The Hawaii Tourism Authority gave $US25,000 to the nonprofit Visitor Aloha Society of Hawaii (VASH) to facilitate buying plane tickets for those not obeying the quarantine – and they have already sent 20 people home, according to the Times.

“The majority of travellers we have sent back in my opinion have been irresponsible in travelling to Hawaii during the Covid-19 pandemic when they know we are trying to keep Hawaii safe from the spread of this disease,” VASH’s president and CEO, Jessica Lani Rich, told the Times.

Hawaii has 606 confirmed COVID-19 cases and 14 deaths.

Hawaii airport coronavirus
A Hawaii Army National Guard specialist screens departing passengers at the airport in Honolulu on April 6, 2020. Sgt. John Schoebel/Army National Guard via AP

At a news conference on March 17, Governor David Ige said he “strongly encouraged” visitors to postpone their vacations to Hawaii.

But the tourists continued to come, irking residents and local officials who say visitors shouldn’t able to ride out the pandemic on Hawaii’s beaches (all of which are closed).

In the week ending on April 26, about a month after the governor ordered the 14-day quarantine for those coming into Hawaii,813 non-resident visitors arrived at the Honolulu airport, according to the tourism authority’s daily passenger count.

Many were lured by airfare as cheap as $US100, according to the Guardian. A quick online search shows that one-way flights to Honolulu in May cost as little as $US167 from Los Angeles, $US181 from Seattle, and $US242 from New York City.

Hawaii oahu beach
A beach in Oahu during a surfing competition in December 2019. Kelly Cestari/WSL via Getty Images

At the end of March, a family from Illinois, the Shepards, said they were attacked by a local man in Waikiki who accused them of trying to spread the virus, Hawaii News New reported.

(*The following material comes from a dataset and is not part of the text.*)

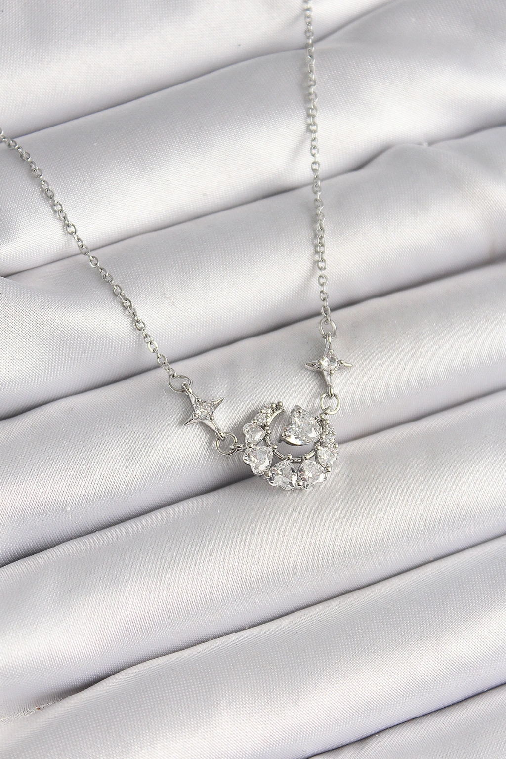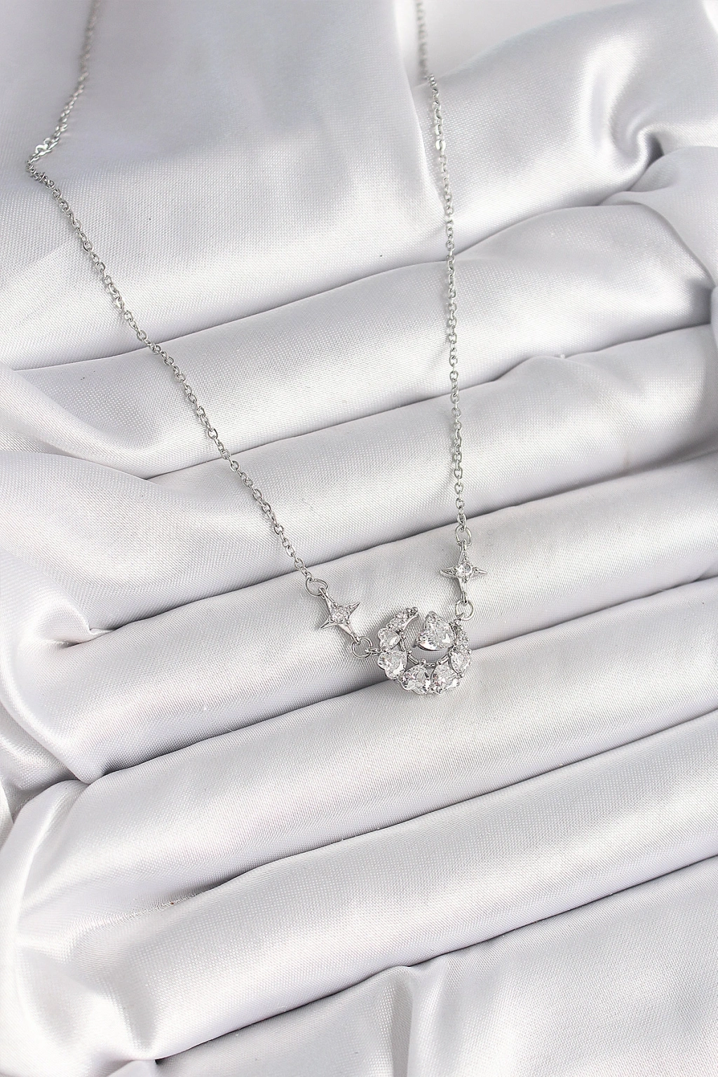 Erb 316L Çelik Gümüş Renk Zirkon Taşlı Hilal Kalp Model Kadın Kolye

“He started screaming and yelling about how we’re not from here, and that we need to leave,” Robert Shepard told Hawaii News Now. The family told the publication that they had taken advantage of cheap flights to Hawaii, that none of them had symptoms, and that they were complying with social distancing.

Versions of this situation have played out in vacation communities across the US, from the Hamptons in New York to Jackson, Wyoming, as angry locals have reported an influx of tourists, often from big cities, coming to wait out the pandemic in vacation homes and rentals.

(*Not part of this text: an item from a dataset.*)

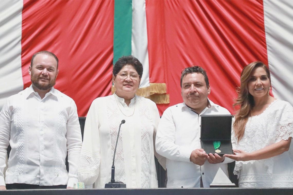 En la Sala de Plenos, Wildernain Villegas Carrillo, poeta y profesor investigador de la Universidad Intercultural Maya de Quintana Roo en José María Morelos, recibió este galardón de manos de la Mandataria Quintanarroense, por su aportación y preservación de la cultura maya.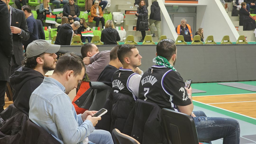 Освен с екипи на националния отбор, забелязахме и фенове заели местата си в залата, облечени с потници на Везенков от престоя му в НБА.

Hawaii pleads for non-residents to stay away despite the tourism industry suffering

In April 2019, more than 856,000 people visited Hawaii and spent $US1.33 billion, statistics from the tourism authority show. In April 2020, a little over 3,000 visitors have come to the islands.

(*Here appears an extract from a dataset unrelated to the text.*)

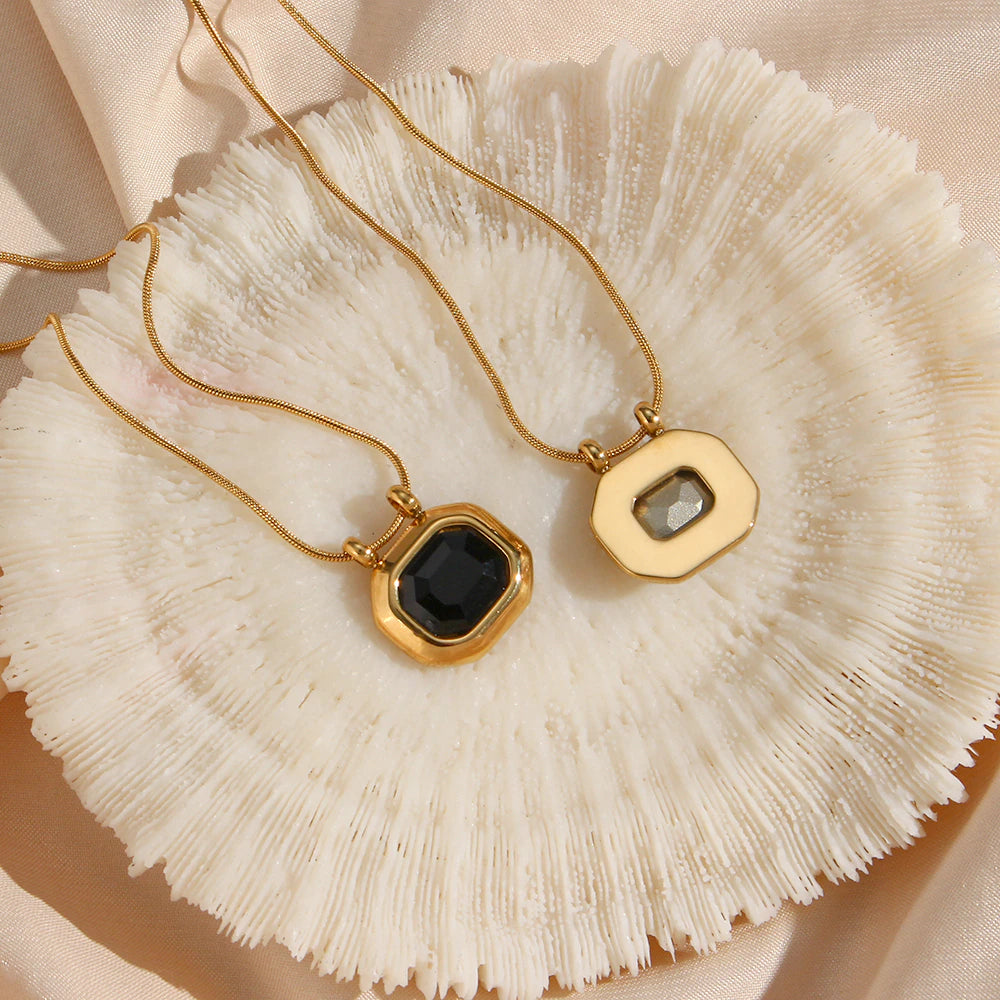 Make a statement with this geometric rectangle large cubic zirconia stone pendant necklace. The gold colour and stainless steel metal type ensure durability, while the cubic zirconia stone adds sparkle. The unique design adds a modern touch to any outfit.

Tourism in Hawaii has taken a bigger hit in the pandemic than in any other US state, partially because the economy is so reliant on the travel industry, according to a new report from WalletHub.

Maui Rental Car Idle
A sugar cane field turned parking lot for unused rental cars. Matthew Thayer/Maui News

The steep drop in tourism has resulted in surreal scenes like those captured by Maui News photojournalist Matthew Thayer, who shot a series of hundreds of unused rental cars lined up in sugar cane fields on the island of Maui.

Despite the consequences, the state is begging people to stay away during the coronavirus lockdown.

John Monahan, president of the Hawaii Visitors and Convention Bureau, sent a letter to several media outlets asking them not to promote travel to Hawaii, according to CNN.

“Our greatest fear is that this unprecedented pandemic will overwhelm our health care system for locals and visitors alike,” Monahan wrote. “… It is our responsibility to ensure the safety of visitors and residents alike, and therefore request that anything written about Hawai’i strongly discourages travellers from visiting Hawai’i until otherwise directed by our state officials.”